Records excerpted from a collection:
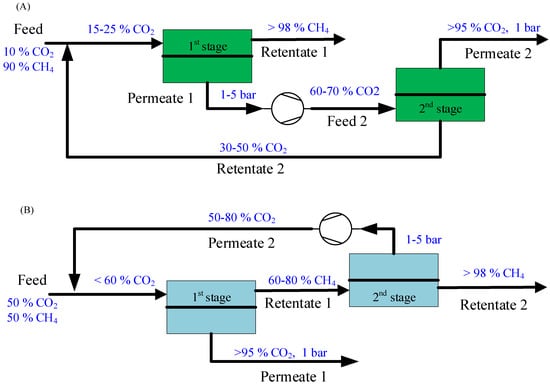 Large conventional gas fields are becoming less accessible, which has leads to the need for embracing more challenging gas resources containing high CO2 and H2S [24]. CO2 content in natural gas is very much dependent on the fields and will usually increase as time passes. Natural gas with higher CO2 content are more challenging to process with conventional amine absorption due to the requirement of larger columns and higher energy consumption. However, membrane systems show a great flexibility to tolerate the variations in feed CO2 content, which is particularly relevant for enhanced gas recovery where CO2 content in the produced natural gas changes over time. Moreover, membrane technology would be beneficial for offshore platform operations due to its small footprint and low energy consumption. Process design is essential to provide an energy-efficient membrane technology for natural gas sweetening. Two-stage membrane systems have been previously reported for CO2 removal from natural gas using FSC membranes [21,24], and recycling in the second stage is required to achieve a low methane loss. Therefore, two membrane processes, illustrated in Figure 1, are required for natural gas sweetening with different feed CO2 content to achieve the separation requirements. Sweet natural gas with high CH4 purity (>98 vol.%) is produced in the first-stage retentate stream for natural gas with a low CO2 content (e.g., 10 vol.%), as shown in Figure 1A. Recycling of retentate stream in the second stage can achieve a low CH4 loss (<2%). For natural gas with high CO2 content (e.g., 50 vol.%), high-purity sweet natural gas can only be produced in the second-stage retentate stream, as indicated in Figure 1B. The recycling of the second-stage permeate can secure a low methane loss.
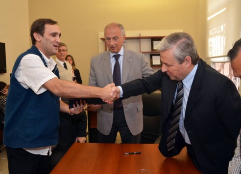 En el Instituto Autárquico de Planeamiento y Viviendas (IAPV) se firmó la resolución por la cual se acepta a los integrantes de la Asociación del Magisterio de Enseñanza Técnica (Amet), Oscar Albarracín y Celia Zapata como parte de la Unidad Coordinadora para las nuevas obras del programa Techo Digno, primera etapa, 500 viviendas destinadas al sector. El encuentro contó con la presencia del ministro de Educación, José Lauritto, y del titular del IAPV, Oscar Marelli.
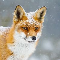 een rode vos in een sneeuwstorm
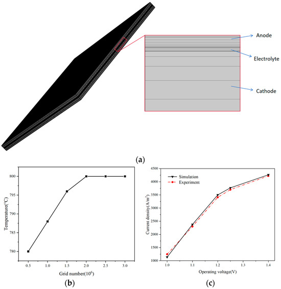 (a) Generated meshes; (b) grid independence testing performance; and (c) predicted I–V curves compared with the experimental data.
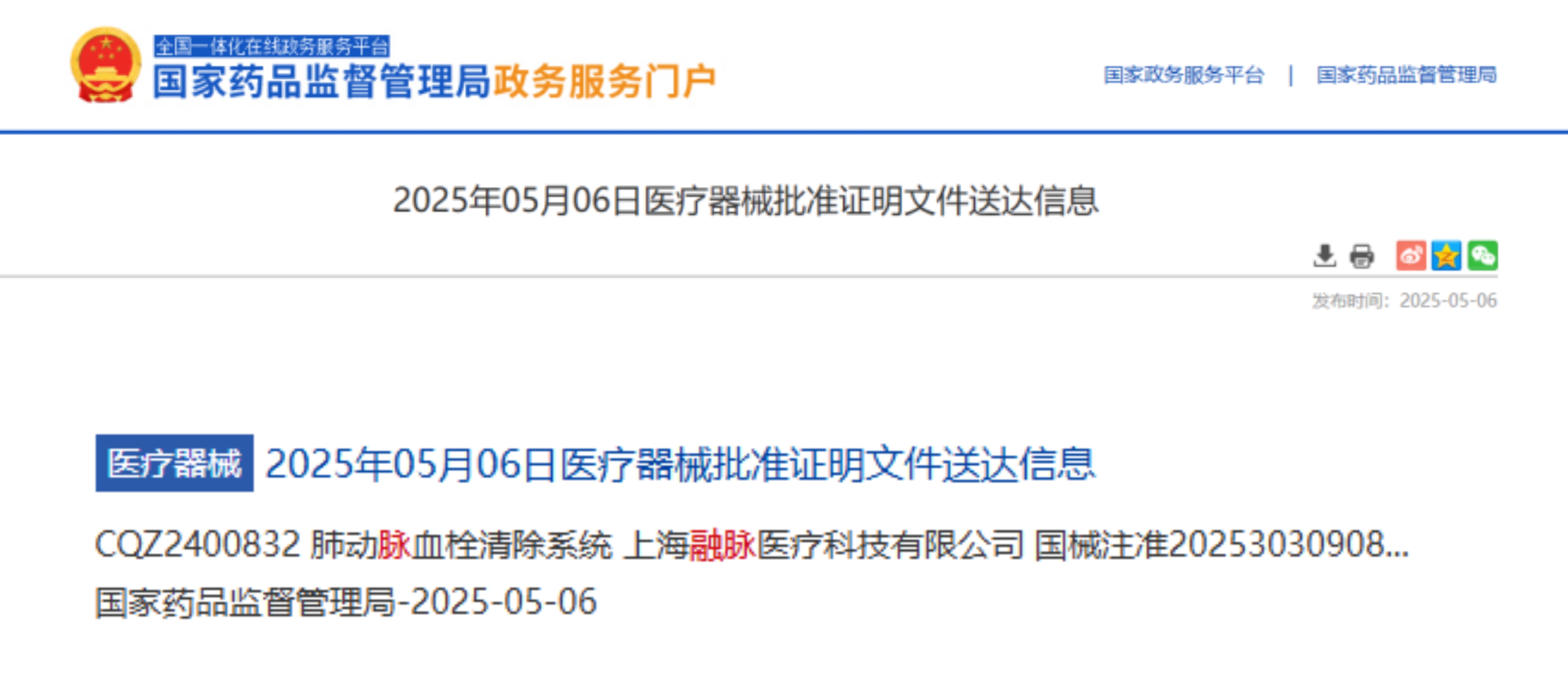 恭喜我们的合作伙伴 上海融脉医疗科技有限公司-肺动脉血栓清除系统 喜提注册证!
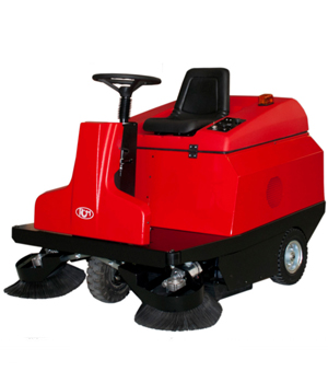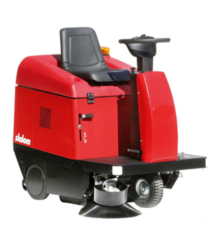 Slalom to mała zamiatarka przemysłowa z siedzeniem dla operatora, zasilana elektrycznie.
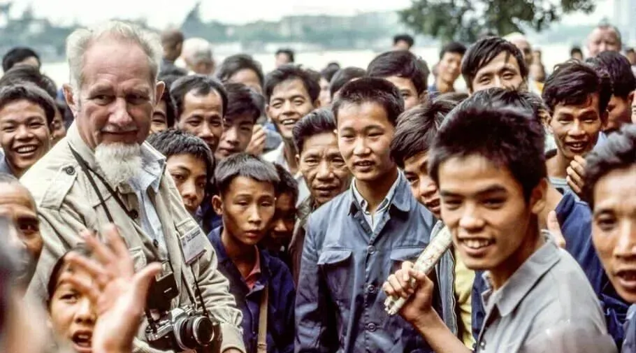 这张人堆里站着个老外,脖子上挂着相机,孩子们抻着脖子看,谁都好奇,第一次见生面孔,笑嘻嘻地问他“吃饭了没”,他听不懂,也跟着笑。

Description of the task: Please copy exactly, and only, the lines from the one that contains "(a) Generated meshes;" through the last line of the data above, omitting all pictures.

Answer to this task:
 (a) Generated meshes; (b) grid independence testing performance; and (c) predicted I–V curves compared with the experimental data.
 恭喜我们的合作伙伴 上海融脉医疗科技有限公司-肺动脉血栓清除系统 喜提注册证!
 Slalom to mała zamiatarka przemysłowa z siedzeniem dla operatora, zasilana elektrycznie.
 这张人堆里站着个老外,脖子上挂着相机,孩子们抻着脖子看,谁都好奇,第一次见生面孔,笑嘻嘻地问他“吃饭了没”,他听不懂,也跟着笑。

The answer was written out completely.